> **Excerpts from a dataset**
-------

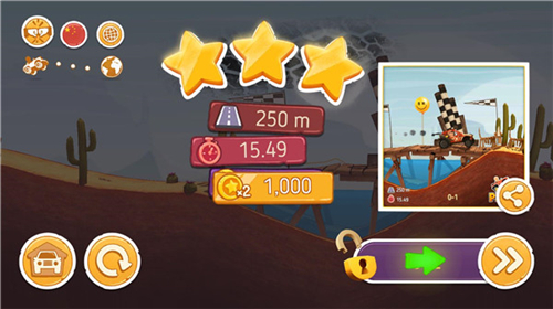 游戏者可以选择多部车辆,并且有多条道路可供游戏者挑战,获得的奖励也将会以不同的难度进行匹配。
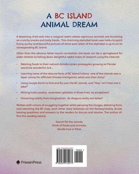 A dreaming child sails into a magical realm where capricious animals are munching on crunchy snacks and tasty treats. This charming alphabet book uses haiku to paint funny, quirky and beautiful pictures of what each letter of the alphabet is up to on its corresponding BC island. Other than the obvious letter-sound correlation, the book can be a springboard for older children to falling down delightful rabbit holes of research using the internet: * relating foods to their natural climate zones: pineapples growing on Pender would be wonderful, but... * learning some of the obscure facts of BC Island history: one of the islands was a leper colony for afflicted Chinese Immigrants; what was their story? * using Google Earth to find and fly over the BC islands, and "Hey! Isn't that one a lake?" * writing haiku poetry: seventeen syllables in three lines, no exceptions! * discerning reality from imagination: do dragons really eat dates? Written with visions of snuggling together while perusing the images, debating facts, and searching the BC map, each letter story balances on the fantasy/reality divide, leaving questions and answers to the readers to discuss and resolve. The author offers this reading advice: Search for the islands, think of foods and animals, decide true or false.
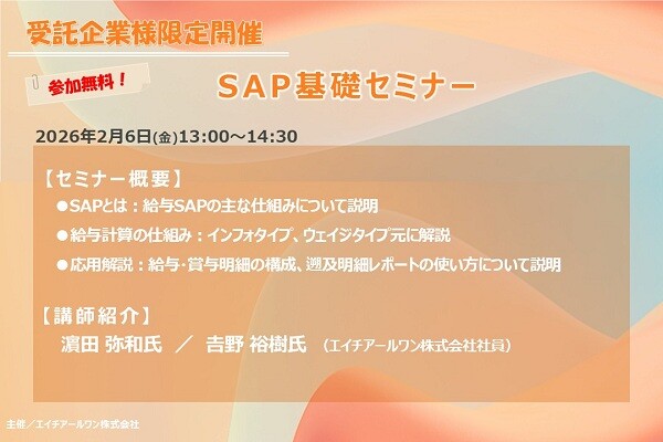 本セミナーは弊社受託企業様限定とさせていただいております。 参加申込み用URLにつきましては、 各社人事様宛にご案内しておりますので そちらからお申込みいただきますようお願いいたします。 |
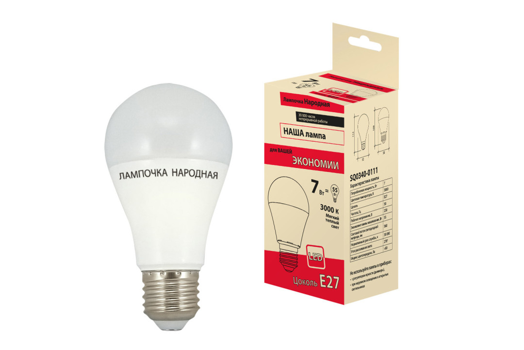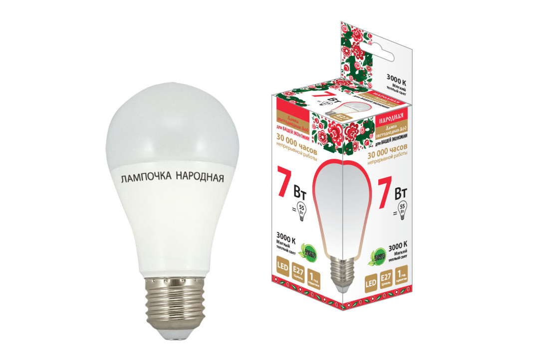 Лампа светодиодная НЛ-LED-A60-7 Вт-230 В-3000 К-Е27, (58х109 мм), Народная
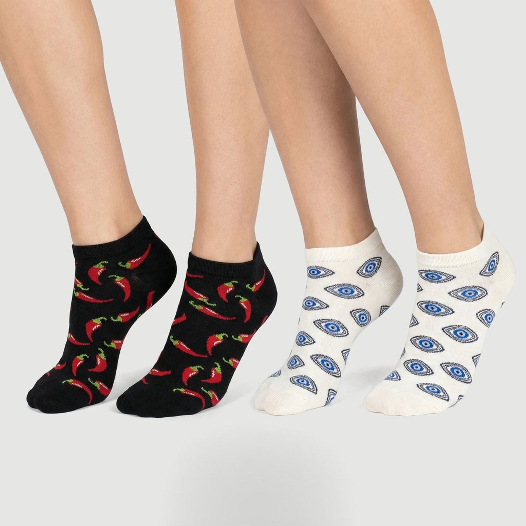 Kit De Meias Feminino Cano Curto Cactos Creme - Uniq
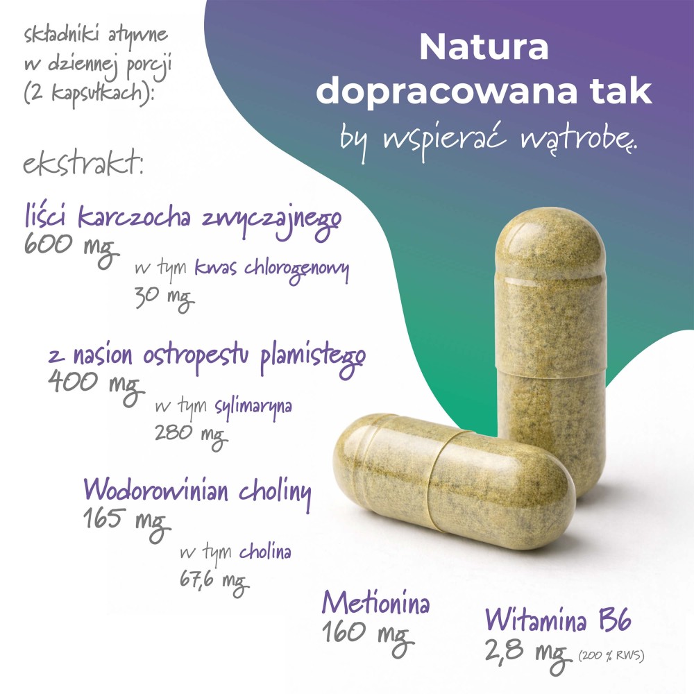 ✔ Naturalne ekstrakty roślinne – karczoch i ostropest o standaryzowanej zawartości substancji aktywnych.

-------

> **Action item**
Line by line, write out the entries exactly, and leave the pictures out.

> **Exercise answer**
 游戏者可以选择多部车辆,并且有多条道路可供游戏者挑战,获得的奖励也将会以不同的难度进行匹配。
 A dreaming child sails into a magical realm where capricious animals are munching on crunchy snacks and tasty treats. This charming alphabet book uses haiku to paint funny, quirky and beautiful pictures of what each letter of the alphabet is up to on its corresponding BC island. Other than the obvious letter-sound correlation, the book can be a springboard for older children to falling down delightful rabbit holes of research using the internet: * relating foods to their natural climate zones: pineapples growing on Pender would be wonderful, but... * learning some of the obscure facts of BC Island history: one of the islands was a leper colony for afflicted Chinese Immigrants; what was their story? * using Google Earth to find and fly over the BC islands, and "Hey! Isn't that one a lake?" * writing haiku poetry: seventeen syllables in three lines, no exceptions! * discerning reality from imagination: do dragons really eat dates? Written with visions of snuggling together while perusing the images, debating facts, and searching the BC map, each letter story balances on the fantasy/reality divide, leaving questions and answers to the readers to discuss and resolve. The author offers this reading advice: Search for the islands, think of foods and animals, decide true or false.
 本セミナーは弊社受託企業様限定とさせていただいております。 参加申込み用URLにつきましては、 各社人事様宛にご案内しておりますので そちらからお申込みいただきますようお願いいたします。 |
 Лампа светодиодная НЛ-LED-A60-7 Вт-230 В-3000 К-Е27, (58х109 мм), Народная
 Kit De Meias Feminino Cano Curto Cactos Creme - Uniq
 ✔ Naturalne ekstrakty roślinne – karczoch i ostropest o standaryzowanej zawartości substancji aktywnych.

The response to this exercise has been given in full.